The need of mappings between terminologies, vocabularies, ontologies, and other kinds of knowledge organization systems has been articulated since introduction of such systems at large scale.1 For this reason project coli-conc aims at developing an infrastructure to facilitate management and exchange of (cross-)concordances between terminologies. This report outlines a novel architecure of terminology mappings to ultimately connect all knowledge organization systems.

Background

As soon as concordances cross more than two vocabularies, multiple architectures can be applied (ISO 2013). For small numbers, a many-to-many architecture is feasable, but for more terminologies a hub architecture becomes more appropriate (Binding and Tudhope 2015; Soergel 2011). This requires people to agree on a common hub, but people tend to not agree especially on issues of knowledge organization. Networks of cross-concordances have been applied with success (Mayr and Petras 2008) but web-scale applications of distributed mappings require a new architecure.

Many-to-many architecture Hub architecture

The noodle architecture

We propose the "noodle achitecture" as opposed to the many-to-many architecture and the hub architecture for managing a large number of concordances. In our model each knowledge organization system is once mapped to one other system. This second system is not a central hub but just another terminoloy that happens to be the last one not connected with two other terminologies yet. The resulting data structure has the shape of a very long noodle.

Noodle architecture

This architecture scales as well as the hub architecture but no central terminology is required. We expect this to result in much less debate among information architects because all terminologies are treated equally. To ensure that only one terminology is added at a time at the end of the noodle, the whole data structure is managed as blockchain: this kind of distributed database known from Bitcoin can be applied to other domains as well (Nakamoto 2008).

Summary

This report introduces a novel approach to manage a very large2 number of mappings between any kind of knowledge organization systems. The so called noodle architecture combines the benefit of a hub architecture with less struggle about which system to use as central hub.

References

Binding, Ceri, and Douglas Tudhope. 2015. “Improving Interoperability Using Vocabulary Linked Data.” International Journal on Digital Libraries 17 (1): 5–21. doi:10.1007/s00799-015-0166-y.

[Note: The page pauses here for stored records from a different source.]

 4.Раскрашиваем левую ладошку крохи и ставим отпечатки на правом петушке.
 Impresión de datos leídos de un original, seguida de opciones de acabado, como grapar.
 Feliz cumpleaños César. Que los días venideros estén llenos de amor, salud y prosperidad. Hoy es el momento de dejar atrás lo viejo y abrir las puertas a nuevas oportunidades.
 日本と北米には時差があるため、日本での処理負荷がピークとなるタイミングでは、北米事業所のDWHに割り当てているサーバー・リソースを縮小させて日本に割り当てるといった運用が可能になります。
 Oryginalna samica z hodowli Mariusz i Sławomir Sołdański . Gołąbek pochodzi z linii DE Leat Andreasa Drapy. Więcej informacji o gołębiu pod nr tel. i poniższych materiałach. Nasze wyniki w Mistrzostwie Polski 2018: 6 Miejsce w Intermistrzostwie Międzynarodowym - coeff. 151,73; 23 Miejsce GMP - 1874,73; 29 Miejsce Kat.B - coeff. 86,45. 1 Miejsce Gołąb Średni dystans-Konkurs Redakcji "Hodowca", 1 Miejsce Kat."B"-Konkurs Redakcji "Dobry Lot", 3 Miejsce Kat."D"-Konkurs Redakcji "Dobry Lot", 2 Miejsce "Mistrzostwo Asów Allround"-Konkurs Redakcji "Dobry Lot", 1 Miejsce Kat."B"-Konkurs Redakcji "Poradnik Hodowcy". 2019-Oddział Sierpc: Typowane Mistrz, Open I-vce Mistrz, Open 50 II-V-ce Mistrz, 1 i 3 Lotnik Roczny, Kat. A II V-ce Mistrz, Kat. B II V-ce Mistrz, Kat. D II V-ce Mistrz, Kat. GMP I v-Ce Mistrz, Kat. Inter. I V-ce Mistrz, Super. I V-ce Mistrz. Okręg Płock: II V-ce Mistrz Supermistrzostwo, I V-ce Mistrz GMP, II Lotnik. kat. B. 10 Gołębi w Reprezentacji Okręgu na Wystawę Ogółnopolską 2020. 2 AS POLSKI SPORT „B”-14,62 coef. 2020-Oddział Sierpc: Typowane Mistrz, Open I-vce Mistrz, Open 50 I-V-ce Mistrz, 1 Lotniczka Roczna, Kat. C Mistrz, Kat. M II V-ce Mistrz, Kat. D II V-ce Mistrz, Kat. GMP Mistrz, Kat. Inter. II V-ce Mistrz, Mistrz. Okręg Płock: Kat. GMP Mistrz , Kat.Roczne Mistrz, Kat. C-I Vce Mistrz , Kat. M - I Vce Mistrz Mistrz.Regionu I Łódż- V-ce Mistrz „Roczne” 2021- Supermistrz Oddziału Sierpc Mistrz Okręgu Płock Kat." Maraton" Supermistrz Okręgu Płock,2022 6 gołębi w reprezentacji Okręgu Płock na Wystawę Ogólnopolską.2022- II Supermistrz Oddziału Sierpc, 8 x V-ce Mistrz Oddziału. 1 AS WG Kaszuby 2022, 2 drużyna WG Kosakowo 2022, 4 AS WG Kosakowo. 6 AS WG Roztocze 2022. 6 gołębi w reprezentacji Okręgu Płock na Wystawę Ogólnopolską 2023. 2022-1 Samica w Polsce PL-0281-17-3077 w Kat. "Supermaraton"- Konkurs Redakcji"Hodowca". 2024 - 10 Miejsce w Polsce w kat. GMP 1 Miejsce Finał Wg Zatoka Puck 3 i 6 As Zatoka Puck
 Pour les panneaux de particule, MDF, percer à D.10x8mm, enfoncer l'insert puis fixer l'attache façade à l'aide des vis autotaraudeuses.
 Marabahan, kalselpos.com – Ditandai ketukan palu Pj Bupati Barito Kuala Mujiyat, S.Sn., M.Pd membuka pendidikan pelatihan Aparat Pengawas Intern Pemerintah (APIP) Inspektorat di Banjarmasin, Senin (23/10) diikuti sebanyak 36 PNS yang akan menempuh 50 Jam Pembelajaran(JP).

ISO, ed. 2013. Information and Documentation: Thesauri and Interoperability with Other Vocabularies. Part 2: Interoperability with Other Vocabularies. ISO 25964-2.

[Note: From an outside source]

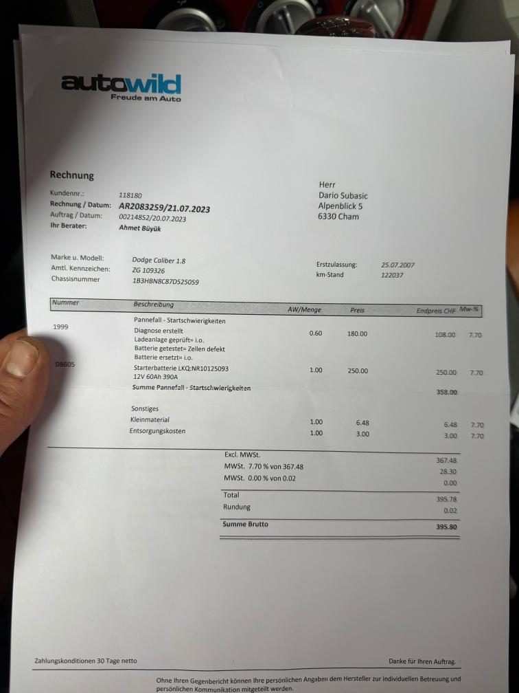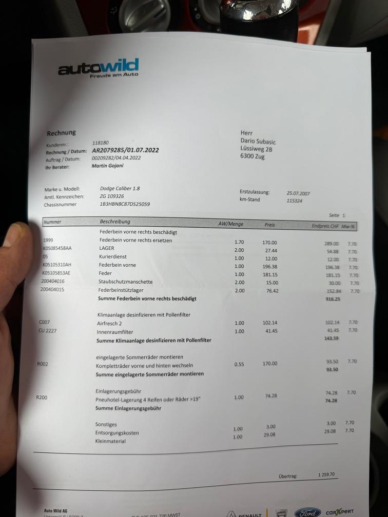 kurze Probefahrt gemacht alles Funktioniert. Fährt sich sehr schön. Stossdämpfer oder Lager vorne macht klack Geräusch beim fahren über Unebenheiten sonst alles ok Sehr viel Geld investiert in letzte Zeit, Rechnungen BEIGELEGT Macht sehr saubere Eindruck Karoserie hat Gebrauchtspuren wie auf dem Bilder ersichtlich ist Am Fahrzeug wurde kein Werkstatttest gemacht (Für sichtbare oder nicht sichtbare Mängel wird nicht gehaftet). Wir testen & kontrollieren nicht alle Funktionen des Fahrzeugs. Das Risiko liegt somit vollumfänglich beim Käufer. Ab Platz ohne Garantie, Wandelung und Minderung werden wegbedungen. Stossstange vorne zerkratzt, Nach erteilte Zuschlag muss Fahrzeug innerhalb 4 Arbeitstage abgeholt und Bar bezahlt werden. Sonst wird Parkplatz CHF 30.- / Tag verrechnet
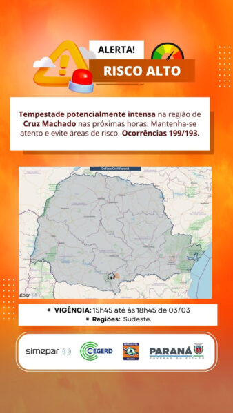 A Defesa Civil do Paraná emitiu, nesta terça-feira, 3, um alerta de risco alto para tempestade potencialmente intensa na região de Cruz Machado, no Sudeste do Estado. O aviso tem vigência das 15h45 às 18h45.

Mayr, Philipp, and Vivien Petras. 2008. “Building a Terminology Network for Search: The KoMoHe Project.” ArXiv:0808.0518 [Cs], August. http://arxiv.org/abs/0808.0518.

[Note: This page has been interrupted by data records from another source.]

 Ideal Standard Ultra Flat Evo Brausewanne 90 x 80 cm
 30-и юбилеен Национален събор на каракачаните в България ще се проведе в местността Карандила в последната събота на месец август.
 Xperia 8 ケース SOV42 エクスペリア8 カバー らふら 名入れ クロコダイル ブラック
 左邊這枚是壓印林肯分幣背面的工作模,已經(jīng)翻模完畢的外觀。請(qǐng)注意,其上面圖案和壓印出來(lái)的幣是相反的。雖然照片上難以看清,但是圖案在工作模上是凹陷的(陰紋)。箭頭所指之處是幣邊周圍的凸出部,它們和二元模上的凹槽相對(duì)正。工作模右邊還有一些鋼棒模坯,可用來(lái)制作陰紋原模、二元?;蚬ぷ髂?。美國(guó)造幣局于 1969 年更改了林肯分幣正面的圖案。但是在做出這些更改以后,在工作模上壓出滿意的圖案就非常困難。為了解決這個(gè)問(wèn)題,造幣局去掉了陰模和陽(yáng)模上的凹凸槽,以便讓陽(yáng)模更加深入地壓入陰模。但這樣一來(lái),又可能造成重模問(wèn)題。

Nakamoto, Satoshi. 2008. “Bitcoin: A Peer-to-Peer Electronic Cash System.” https://bitcoin.org/bitcoin.pdf.

Shaw, Ryan. 2015. “Big Data and Reality.” Big Data & Society 2 (2). doi:10.1177/2053951715608877.

Soergel, Dagobert. 2011. “Conceptual Foundations for Semantic Mapping and Semantic Search.” In Concepts in Context: Proceedings of the Cologne Conference on Interoperability and Semantics in Knowledge Organization, July 19th-20th, 2010, edited by Felix Boteram, Winfried Gödert, and Jessica Hubrich, 13–35. Würzburg: Ergon.


  1. For instance at the 1910 conference of the International Federation for Information and Documentation (FID).

  2. In notions of big data as explained by Shaw (2015).